TL;DR
If your data needs to be correct, you need to enforce the constraints, and if you need to enforce the constraints, letting the database do it for you will be faster than anything else (and likely more correct too).
Example
Attempting to enforce something like key uniqueness at the application-level can be done correctly or quickly, but not both. For example, let's say you want to insert a new row. A naive application-level algorithm could look something like this:
- Search the table for the (key fields of) new row.
- If not found, insert the new row.
And that would actually work in a single-client / single-threaded environment.
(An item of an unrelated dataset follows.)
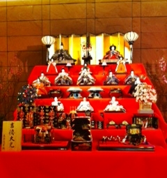 雨ばっかり! 冷たい雨が今日も一日中降っていた。 サーフェスがハードコートだと、小雨でも降り続けばコートが濡れ テニスは出来ない。 いつ出来るか、いつ出来るかとテニスコートの側でイライラしながら待っていた。 結局は出来ず終い。 そう言えば 明日は、ひな祭りだよね。 ホテルオークラに七段飾りのお雛様がディスプレイされていたよ!

However, in a concurrent environment, some other client could write that same key value in between your steps 1 and 2, and presto: you have yourself a duplicate in your data without even knowing it!
To prevent such a race condition, you'd have to use some form of locking, and since you are inserting a new row, there is no row to lock yet - you'll likely end-up locking the entire table, destroying scalability in the process.
OTOH, if you let the DBMS do it for you, it can do it in a special way without too much locking, which has been tested and double-tested for correctness in all the tricky concurrent edge cases, and whose performance has been optimized over the time the DBMS has been on the market.
Similar concerns exist for foreign keys as well.
So yeah, if your application is the only one accessing the database (e.g. when using an embedded database), you may get away with application-level enforcement, although why would you if the DBMS can do it for you?
But in a concurrent environment, leave keys and foreign keys to the database - you'll have plenty of work anyway, enforcing your custom "business logic" (that is not directly "declarable" in the DBMS) in a way that is both correct and performant...
That being said, feel free to perform any application-level "pre-checks" that benefit your user experience. But do them in addition to database-level constraints, not instead of them.